The SWXSOCClient class also supports downloading data from the SWxSOC buckets. Below are some examples demonstrating how to queue the download of data using this client. Note this requires the SWXSOCClient class to have already been used to search for data as well as a parfive Downloader object to be initialized.

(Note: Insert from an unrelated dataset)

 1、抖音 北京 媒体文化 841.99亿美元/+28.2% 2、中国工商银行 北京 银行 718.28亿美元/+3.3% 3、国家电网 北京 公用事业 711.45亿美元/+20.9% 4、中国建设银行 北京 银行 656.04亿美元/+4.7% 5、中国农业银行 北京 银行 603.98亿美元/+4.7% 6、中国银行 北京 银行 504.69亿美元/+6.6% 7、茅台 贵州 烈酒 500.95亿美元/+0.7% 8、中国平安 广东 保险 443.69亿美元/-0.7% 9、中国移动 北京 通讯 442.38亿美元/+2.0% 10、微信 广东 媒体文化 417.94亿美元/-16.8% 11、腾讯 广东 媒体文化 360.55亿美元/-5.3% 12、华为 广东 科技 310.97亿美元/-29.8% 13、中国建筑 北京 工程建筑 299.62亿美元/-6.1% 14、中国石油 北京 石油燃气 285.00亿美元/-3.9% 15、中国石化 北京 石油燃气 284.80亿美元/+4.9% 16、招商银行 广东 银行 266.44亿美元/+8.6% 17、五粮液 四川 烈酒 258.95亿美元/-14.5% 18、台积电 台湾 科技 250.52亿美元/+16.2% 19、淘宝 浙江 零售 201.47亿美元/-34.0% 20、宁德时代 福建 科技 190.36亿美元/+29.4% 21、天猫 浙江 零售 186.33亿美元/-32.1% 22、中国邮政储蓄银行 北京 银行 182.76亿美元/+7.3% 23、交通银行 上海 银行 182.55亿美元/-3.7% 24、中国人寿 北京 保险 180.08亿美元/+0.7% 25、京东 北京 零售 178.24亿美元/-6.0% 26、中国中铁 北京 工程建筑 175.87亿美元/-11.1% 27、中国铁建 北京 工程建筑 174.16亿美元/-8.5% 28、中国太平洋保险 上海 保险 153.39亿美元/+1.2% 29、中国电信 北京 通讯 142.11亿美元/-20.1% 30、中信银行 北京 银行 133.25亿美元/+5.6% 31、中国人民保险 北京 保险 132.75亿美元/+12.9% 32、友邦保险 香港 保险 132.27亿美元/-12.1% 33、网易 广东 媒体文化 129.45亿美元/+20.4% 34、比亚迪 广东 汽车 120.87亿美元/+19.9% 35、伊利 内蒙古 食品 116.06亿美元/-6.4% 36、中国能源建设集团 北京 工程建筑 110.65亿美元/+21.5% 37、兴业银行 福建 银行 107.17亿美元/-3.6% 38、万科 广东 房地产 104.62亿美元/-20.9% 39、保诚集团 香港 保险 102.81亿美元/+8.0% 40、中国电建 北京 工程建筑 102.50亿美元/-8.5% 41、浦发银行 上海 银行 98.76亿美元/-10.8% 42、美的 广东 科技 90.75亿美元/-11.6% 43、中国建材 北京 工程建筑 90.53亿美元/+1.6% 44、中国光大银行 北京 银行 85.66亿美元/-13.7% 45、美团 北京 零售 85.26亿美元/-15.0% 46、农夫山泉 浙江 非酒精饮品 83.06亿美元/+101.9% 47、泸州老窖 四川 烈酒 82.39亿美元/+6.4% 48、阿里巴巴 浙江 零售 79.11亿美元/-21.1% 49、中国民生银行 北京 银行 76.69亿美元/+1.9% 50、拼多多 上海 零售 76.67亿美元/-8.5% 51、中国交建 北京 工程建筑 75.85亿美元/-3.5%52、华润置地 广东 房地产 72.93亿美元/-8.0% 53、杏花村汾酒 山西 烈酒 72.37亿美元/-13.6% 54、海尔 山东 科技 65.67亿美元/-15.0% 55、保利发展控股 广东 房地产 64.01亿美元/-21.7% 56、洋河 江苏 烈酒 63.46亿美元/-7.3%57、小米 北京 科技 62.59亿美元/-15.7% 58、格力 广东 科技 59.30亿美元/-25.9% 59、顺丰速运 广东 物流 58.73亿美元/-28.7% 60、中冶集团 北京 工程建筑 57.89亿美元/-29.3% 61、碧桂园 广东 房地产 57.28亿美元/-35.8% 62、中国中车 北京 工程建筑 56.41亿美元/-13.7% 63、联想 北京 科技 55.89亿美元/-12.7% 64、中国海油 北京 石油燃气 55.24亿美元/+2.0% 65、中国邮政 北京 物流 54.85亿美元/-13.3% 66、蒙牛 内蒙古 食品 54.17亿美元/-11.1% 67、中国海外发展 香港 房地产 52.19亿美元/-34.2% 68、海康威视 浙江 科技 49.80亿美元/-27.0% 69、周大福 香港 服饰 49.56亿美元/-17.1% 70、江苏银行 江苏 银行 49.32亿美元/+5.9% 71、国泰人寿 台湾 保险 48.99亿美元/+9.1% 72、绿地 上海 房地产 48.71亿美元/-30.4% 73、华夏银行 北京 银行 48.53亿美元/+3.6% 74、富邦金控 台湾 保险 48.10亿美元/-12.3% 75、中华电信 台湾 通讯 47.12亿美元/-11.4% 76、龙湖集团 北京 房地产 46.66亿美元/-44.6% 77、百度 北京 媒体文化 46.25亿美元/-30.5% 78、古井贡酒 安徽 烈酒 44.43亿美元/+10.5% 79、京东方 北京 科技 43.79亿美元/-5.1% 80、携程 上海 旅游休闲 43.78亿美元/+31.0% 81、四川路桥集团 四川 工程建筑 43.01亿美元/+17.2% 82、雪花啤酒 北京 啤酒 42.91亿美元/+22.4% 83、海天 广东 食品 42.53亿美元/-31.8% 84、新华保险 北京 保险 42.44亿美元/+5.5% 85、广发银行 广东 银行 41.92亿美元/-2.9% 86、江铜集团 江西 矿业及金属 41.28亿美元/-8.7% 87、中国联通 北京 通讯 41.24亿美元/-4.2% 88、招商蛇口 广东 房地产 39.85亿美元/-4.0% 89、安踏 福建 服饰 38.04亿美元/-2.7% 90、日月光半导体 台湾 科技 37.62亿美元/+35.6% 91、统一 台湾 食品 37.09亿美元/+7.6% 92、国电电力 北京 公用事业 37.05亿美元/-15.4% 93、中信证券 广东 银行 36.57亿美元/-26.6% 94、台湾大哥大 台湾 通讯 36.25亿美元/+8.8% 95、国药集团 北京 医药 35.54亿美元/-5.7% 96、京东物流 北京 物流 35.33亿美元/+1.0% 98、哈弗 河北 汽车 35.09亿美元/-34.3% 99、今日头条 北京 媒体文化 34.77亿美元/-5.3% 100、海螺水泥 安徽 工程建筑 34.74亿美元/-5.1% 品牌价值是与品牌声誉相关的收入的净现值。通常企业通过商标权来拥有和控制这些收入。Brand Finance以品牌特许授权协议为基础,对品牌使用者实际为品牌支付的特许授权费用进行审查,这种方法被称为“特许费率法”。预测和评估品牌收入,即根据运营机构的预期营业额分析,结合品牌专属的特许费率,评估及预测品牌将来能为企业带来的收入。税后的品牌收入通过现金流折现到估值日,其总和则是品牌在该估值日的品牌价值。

For more information on the parfive package, see the parfive documentation.

Example to Download Data

Below is an example demonstrating how to download data using the SWXSOCClient class:

# Import necessary modules
from swxsoc.util.util import SWXSOCClient, AttrAnd, Instrument, Level, SearchTime, DevelopmentBucket
from parfive import Downloader

# Initialize the SWxSOC client
fido_client = SWXSOCClient()

# Test search with a query for specific instrument, level, and time
query = AttrAnd(
    [
        SearchTime("2024-01-01", "2025-01-01"),
        DevelopmentBucket(False),
        Level("l0"),
        Instrument("eea"),
    ]
)

# Search for data
results = fido_client.search(query)

# Initialize a parfive Downloader object
dl = Downloader()

# Queue the download of the data to specific path
fido_client.fetch(query_results=results, downloader=dl, path="path/to/download")

# Start the download
dl.download()
>>> Files Downloaded: 100% 2/2 [00:00<00:00,  2.59file/s]